Adrian Kingsley-Hughes, writing for ZDNet, recently did a post that he titled: "Where are Apple's high-end gaming Macs?"
This is a good question, indeed, and one I that I often personally asked myself. As Adrian points out:
"If you didn’t already know, allow me to let you in on a secret. Gaming is a very lucrative sector for both component manufacturers and OEMs. Markups are still very comfortable on pretty much anything labeled as gaming. Gaming equals high-end, and high-end means high prices and good profits. In many ways this is an ideal market for Apple to go after, so why hasn’t it?"
Personally, I think he is right - Apple really needs a good gaming system and one that doesn't just equal those in the world of Window based PC machines, but one that actually goes beyond them, if at all possible. Certainly, of course, one can run games on the existing range of Macs, but not in the way that most serious gammers would like. As Adrian points out, gaming is big business and if anybody could make such a machine, I think it an innovative company like Apple - as they are super great at making both computers and money, and lots of it, I might add.
Adrian pointed out that most games are now developed for the Window PC's, but I say, considering how the Mac is selling like hot cakes these days, and how developers are now flocking to the Mac more than ever, developers wouldn't need, in my humble opinion, much arm twisting to start developing Mac specific games.
Already Electronic Art and other big time developers are looking to the Mac and developing versions of their games for it.

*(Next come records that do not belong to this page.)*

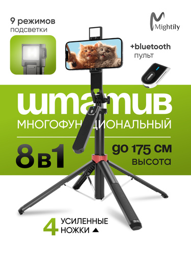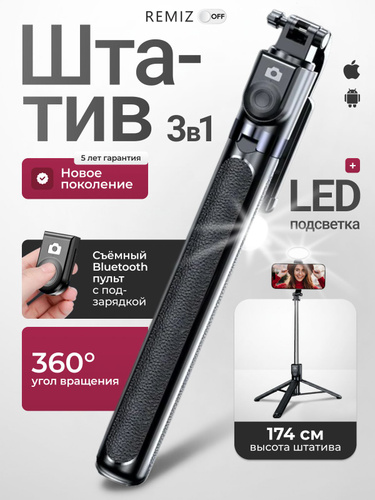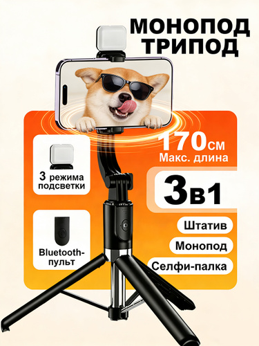 Штатив для телефона 170 см с LED-подсветкой, трипод монопод селфи-палка с Bluetooth пультом
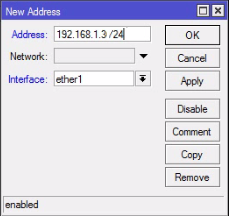 1. First step, setting IP on mikrotik. Enter to IP => Address menu.
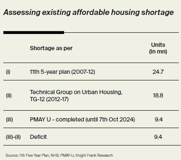 - Urban affordable housing deficit of 9.4 mn units, projected to surge to 30 mn units by 2030
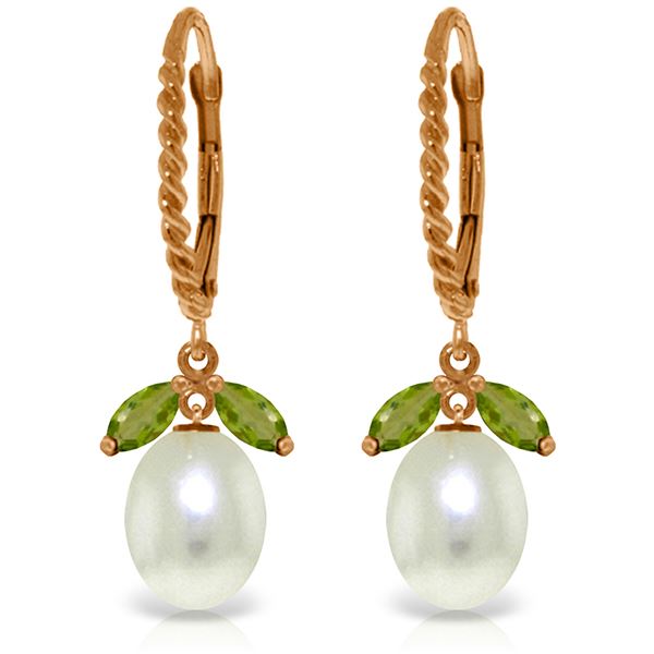 REF-39M3T ---- SKU:GG-3133 ---- Manufacturer's Suggested Retail Price: $1200.00 ---- Genuine 14K Rose Gold 9 ctw Peridot & Pearl Earrings
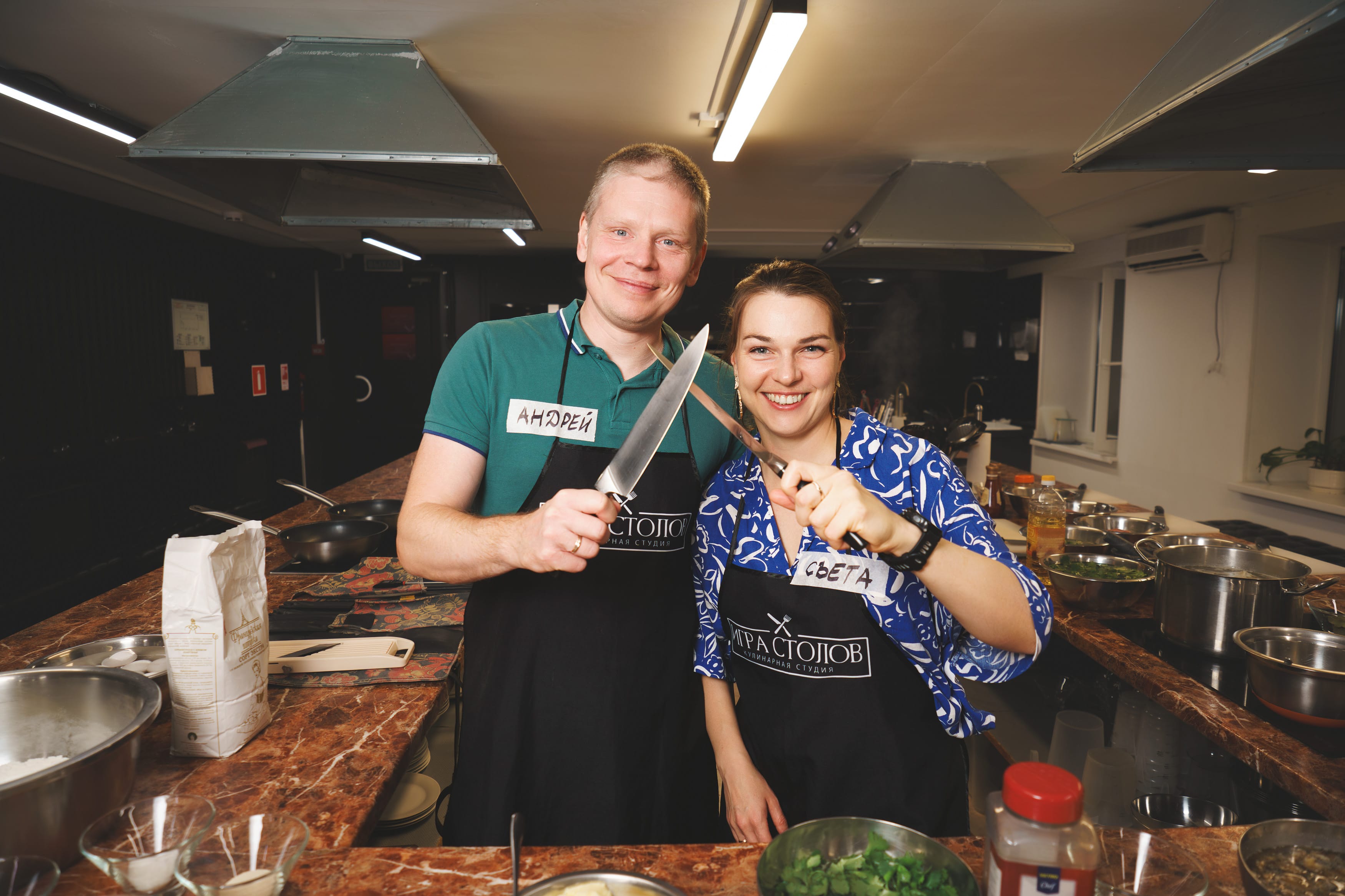 На снимке – уютная кухня, наполненная жизнью и теплом. В центре внимания – большая деревянная столешница, уставленная разнообразной посудой, что создает ощущение постоянной готовки. Рядом с ней – человек в фартуке, сосредоточенно занимающийся приготовлением пищи. Эта фотография передает атмосферу домашнего очага и уюта.n
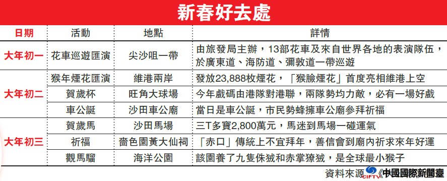 大年初一晚上的花车巡游,以及年初二维港的烟花汇演,警方下午起将港九多处实施封路及改道措施。配合烟花汇演,定期渡轮会维持服务至晚上7时30分,海事处会在初二下午2时至晚上11时在湾仔会展对出海面设立禁区,晚上7时至约9时15分在维港中部设立限制区,只准获批船只可以驶入,水警及海事处会针对船只超速及超载情况加强巡查。
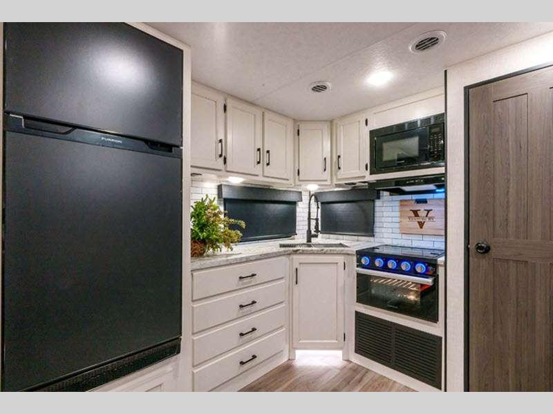 The lightweight Venture RV SportTrek travel trailers and fifth wheels are user-inspired with a purposeful residential kitchen and many storage opportunities!
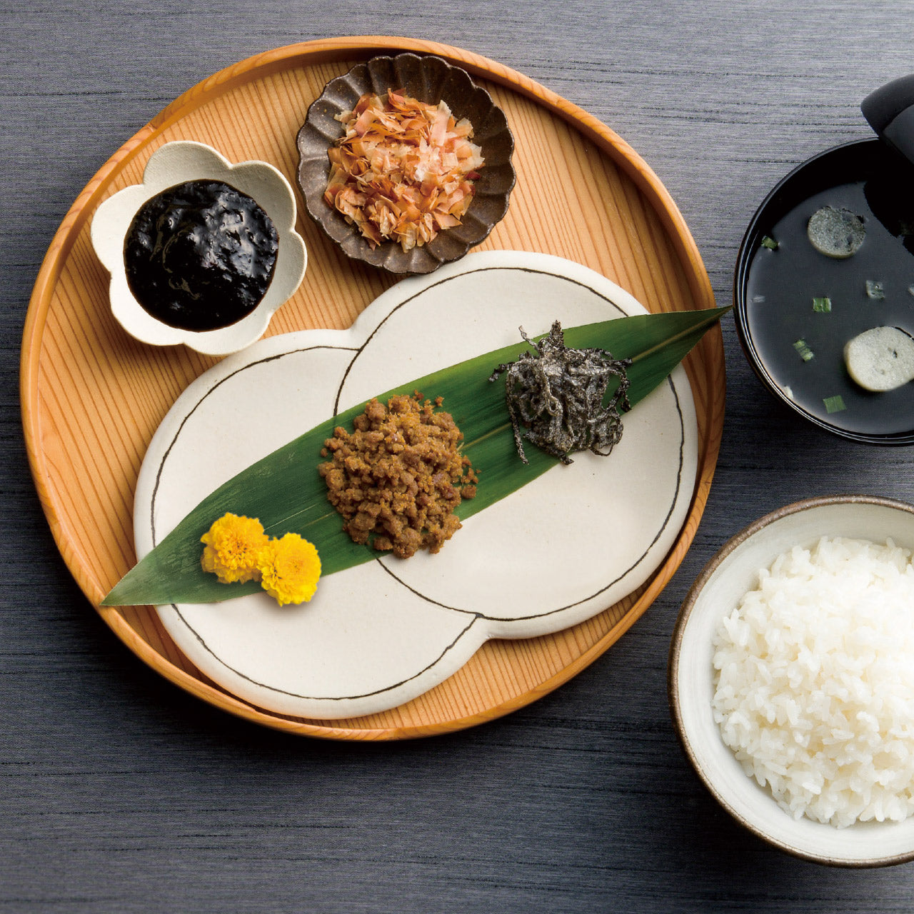 焼海苔佃煮85g・塩昆布18g各2瓶・鰊フレーク50g・鮭フレーク40g各1瓶・永谷園お茶漬け海苔(4.7g×2袋)2箱・鰹本枯節(2.5g×3袋)・松茸風味お吸い物(2.3g×4袋)各1箱

Even though not technically written from the ground up for the Mac, they are, non-the-less, producing them in ever greater numbers, though they rely a lot on virtulization technology to get the job done.
Virtualization is a good a start, but hardly the best way to play games, as serious gamers will tell you. They demand more, and Mac users, frankly, deserve more. Gaming tends to push both the software and hardware design envelope, something that usually trickles down and ends up benefiting all computer users. A high-end Mac gaming machine would also give Apple not only a chance to capture more of the significant and growing market share that the gaming offers, but also a chance for Apple to really show it's stuff, to really create something more compelling than just a great multi-media machine, something that the Mac is now.
I agree with Mr. Hughes that Apple should add a really good and dedicated gaming mother board, however, I'm not quite sure that I agree on Apple adding an Assus motherboard, because, as great as they are, I believe Apple has the ability to create something better than Assus, or anybody else for that matter. I want to see Apple design it's own gaming motherboards, because, as usually is the case with Apple, it usually ends up doing the ordinary in an extraordinary way, and gaming motherboards, etc., should be no different.
So, in conclusion, I must say that even though I'm not a gamer myself, I would very much love to see Apple come out with a true and dedicated high-end gaming rig, but when it comes to Adrian's question: "Where are Apple's high-end gaming Macs?", only Apple can answer that.
Hopefully, Apple will soon answer with a high-end Mac gaming rig, and one that will not only blow our minds, but also gaming aliens, and what not, completely out of the water!
And that's my 2 cents 4 this Thursday, April 10, 2008.